Well he's right that the breed has gone thru alot of changes, and depending on the breeder many of the changes aren't those I agree with. 

It's why we have to do all our work to find a GSD breeder who IS breeding for what we want and are looking for in the breed.

I'd ask to talk to a bunch of past puppy owners and also see them. IF they are all that you want then that's what you are looking for.

Good luck!


----------



## Castlemaid (Jun 29, 2006)

This person is right in many ways - if he has been breeding his own lines for X number of generations, then he knows about health issues that may or may not be there. Most breeders will use an outside stud, so pedigree is important for knowledge about the health of the dogs in the line they are breeding to. 

Many, many, many breeders that work, title their own dogs, and try to keep a balance of temperament, so that the dogs of their breedings are versatile and adaptable that can work on farms, do Schutzhund, agility, be service dogs, family pets, calm in the house, active on the job all day, etc - would echo this man's sentiments. True you breed the dog in front of you, not the pedigree, but the pedigree brings the unknown health and temperament of the dogs in the family tree out into the light.

I would consider a dog from a person like this, since the dogs prove themselves every day in their work. Refreshing to see a breeder that walks the walk, and not just talks the talk, bragging about 'Champion Lines' three generations back, but wouldn't recognize working temperament if they received it gift-wrapped. 
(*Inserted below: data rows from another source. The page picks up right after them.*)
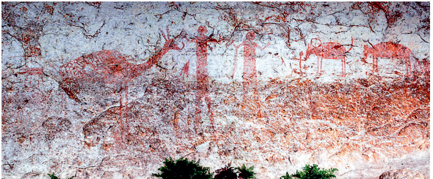
Fig. 6. Des peintures peu visibles d'humains et d'animaux, de Style Monochrome Rouge, s'aperçoivent difficilement sur la paroi au-dessus d'une source à Painted Shelter. Elles sont superposées à ce qui subsiste de figures antérieures de Style Pecos River. Les auteurs du Style Monochrome Rouge rendaient les humains de manière plus réaliste que ceux que l'on trouve dans le Style Pecos River.

animals painted in varying shades of red. Rigid, human forms are solidly painted and portrayed frontally with their arms bent at the elbow, forearms raised, and legs apart. Heads are round, but lack facial features. They are more realistically depicted than the Pecos River style anthropomorphs, often with hands and feet, fingers and toes, and gender markers. Some males are portrayed with genitals. Females have a rounded protuberance on each side of their head resembling Hopi Indian maiden whorls, a hairstyle formed by coiling the hair into buns above each ear. At least one female figure also appears to be wearing a dress. Single feather headdresses, tassels hanging from the arms, and wrist adornments decorate many of the figures. Numerous anthropomorphs are impaled with spears or arrows, although none of the animals are so stricken (Fig. 6).
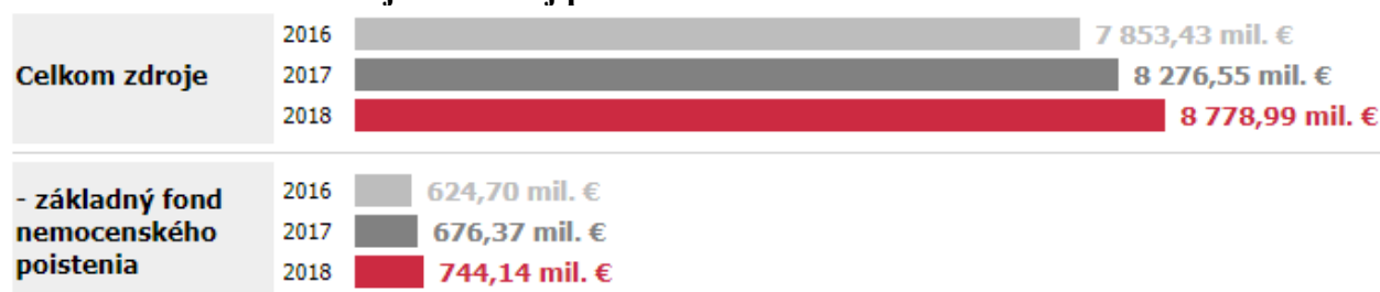
Obrázok 1: Celkové zdroje Sociálnej poisťovne v rokoch 2016-2018

Čo ale možno s určitosťou povedať, narastajúci záujem otcov o poberanie materskej dávky má značný vplyv na rozpočet Sociálnej poisťovne. Nasledujúca časť príspevku sa preto venuje hospodáreniu tejto inštitúcie. Príjmy rozpočtu tvoria predovšetkým príjmy z poistného. Celkové zdroje tvoria základ pre tvorbu základných fondov v rámci sociálneho poistenia.
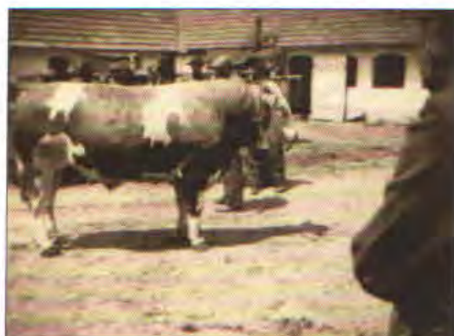
Plemenný býk v JZD
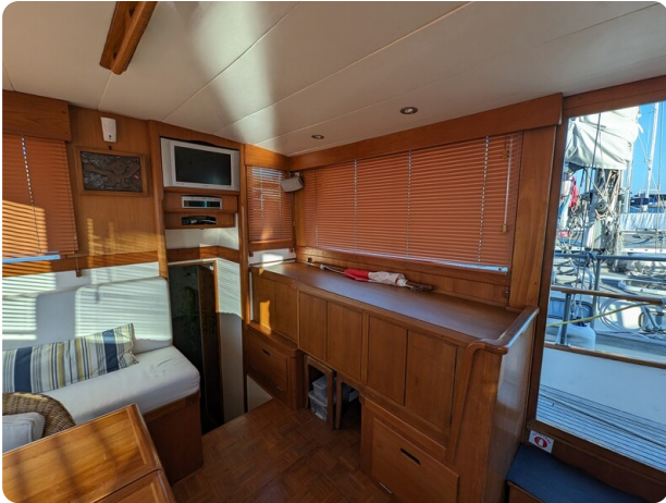
Grand Banks 42 Classic dinette detail
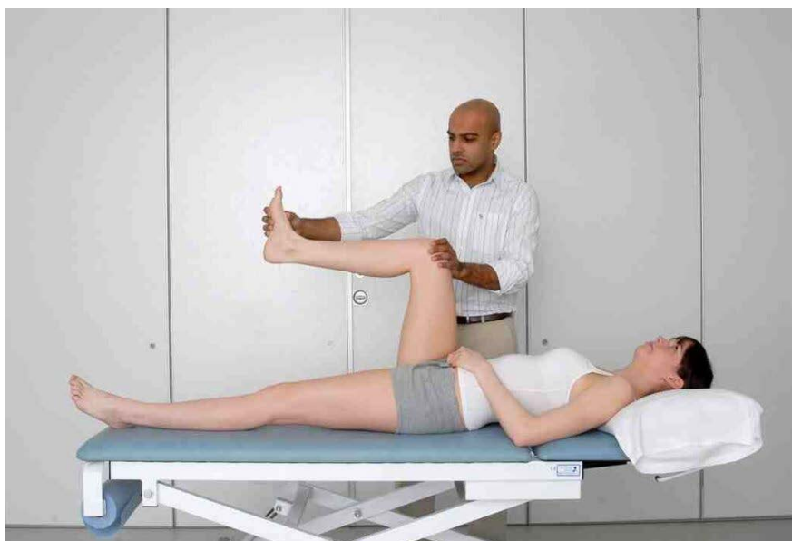
Démonstration du signe de Lasègue: Le pied neutre, le genou fléchi.
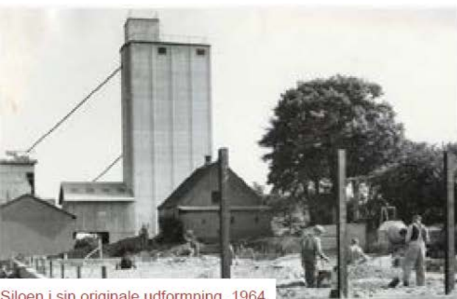
Siloen i sin originale udformning, 1964
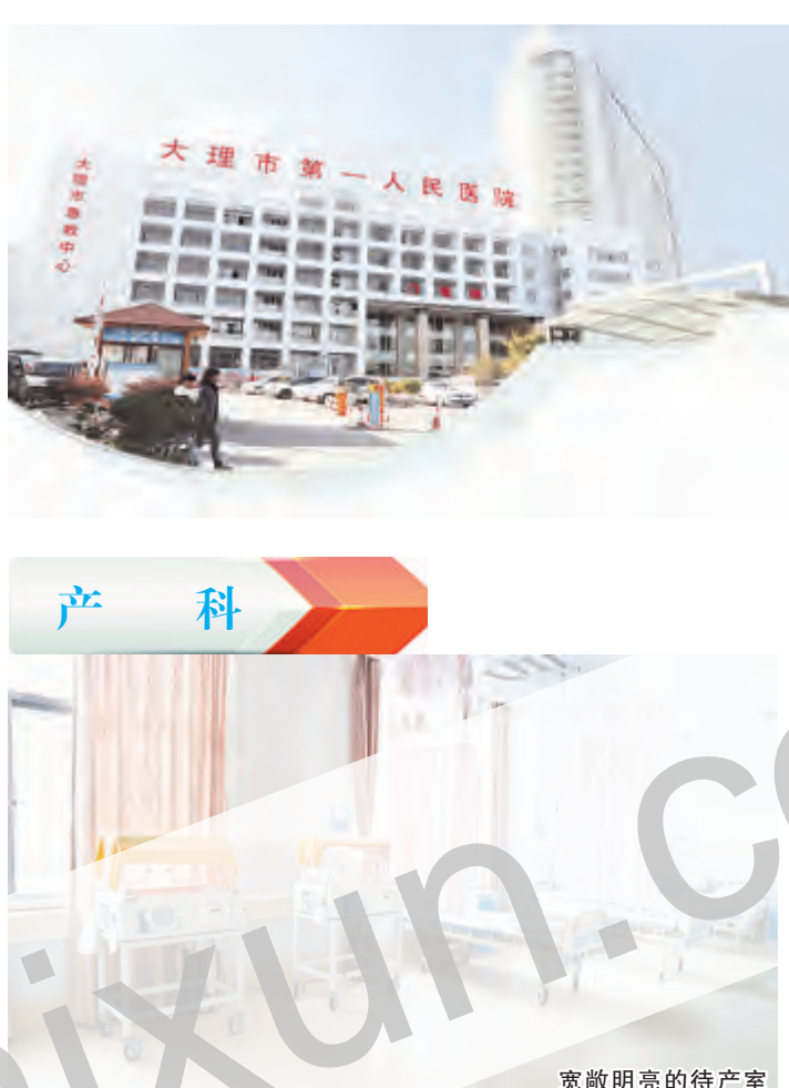
宽敞明亮的待产室

大理市第一人民医院产科1995年被国家卫生部授予“国家级爱婴医院”称号,2015年12月,再次通过了国家卫生计生委对爱婴医院的复核。为满足社会发展的需求,2011年初,产科从妇产科中分科出来,成立了独立的产科专科病区。产科现开放床位46张,设置有温馨病房,病区环境优雅,日常生活设施齐全,为产妇提供了优越的住院和修养场所。科室拥有一批经验丰富、责任心强、专业素质高的医疗技术力量,有医护人员40名,其中专科医师12名(主任医师2名,副主任医师4名,主治医师5名),专科护士28名(副主任护师1名,主管护师7名)。科室配置有多功能自动手术床、胎心监护仪、新生儿红外线辐射台、新生儿暖箱、标准新生儿沐浴间、多参数心电监护仪等先进的医疗设备和仪器。
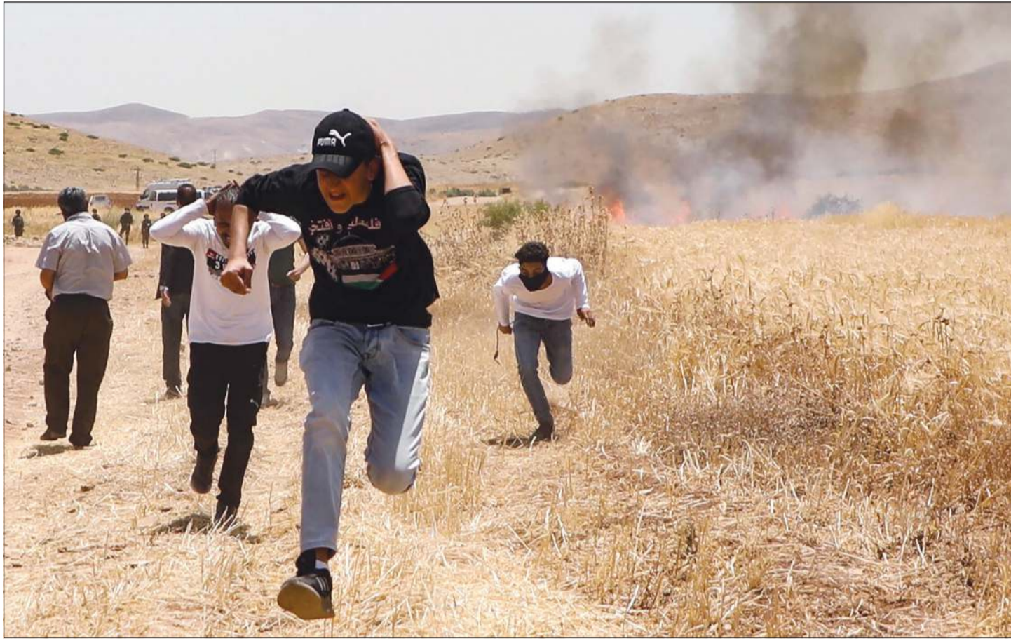
فلسطينيون يحتمون من قنابل الغاز التي يطلقها الاحتلال تجاههم خلال احتجاجات على ضم الضفة في بلدة العطف في غور الأردن

جرانهم، فضلا عن العمل مع دول المجتمع الدولي من أجل ردع الضم، وتنفيذ قرارات القيادة في التأكيد على أن الشعب الفلسطيني في حل من الاتفاقيات التي اغتالها إسرائيل والولايات المتحدة، وتعزيز الجبهة الدولية من أجل إنهاء الاحتلال الإسرائيلي الذي طال أمده منذ النكسة في عام 1967. وفي المناسبة نفسها، قال صائب عريقات أمين سر اللجنة التنفيذية لمنظمة التحرير الفلسطينية امس، إن تاريخ الاحتلال الاستعماري الطويل للضفة الغربية وقطاع غزة بما فيها القدس الشرقية، يجب أن يشكل حافزا للمجتمع الدولي لترجمة مواقفه الراضية لمخططات الضم الإسرائيلية غير القانونية، إلى إجراءات وخطوات عملية ولموسسة تبدأ بمسائلته والاعتراف بدولة فلسطين. وشدد عريقات، في بيان أوردته «وفا»، على أن استمرار الاحتلال وترسيخه يوما إثر آخر هو مسؤولية قانونية وسامسية وأخلاقية تقع على عاتق المجتمع الدولي، الذي يواجه خيارا واحدا، إما تتكهن شعبنا من ممارسة حقه في تقرير المصير، أو إبقاء المنطقة أسيرة لدوامه القوضي والعنف. وأضاف عريقات أنه «على

I bet this guy has some very interesting insights into GSDs and breeding for a balance.


----------



## Wolfgeist (Dec 4, 2010)

My working dog is a lapdog, too. Versatility.


----------



## shepherdmom (Dec 24, 2011)

BrianB said:


> I was talking to a farmer that is giving my uncle a german shepherd. My uncle has a 1500 acre cow farm. He said he has owned German Shepherds for 50 years and uses them on his angus cow farm. He only breeds when he needs new dogs. He had some interesting points:
> 
> - The AKC has ruined the breed. He said the GSD is a working dog and not a show dog.
> 
> ...


opcorn:


----------



## Castlemaid (Jun 29, 2006)

Wild Wolf said:


> My working dog is a lapdog, too. Versatility.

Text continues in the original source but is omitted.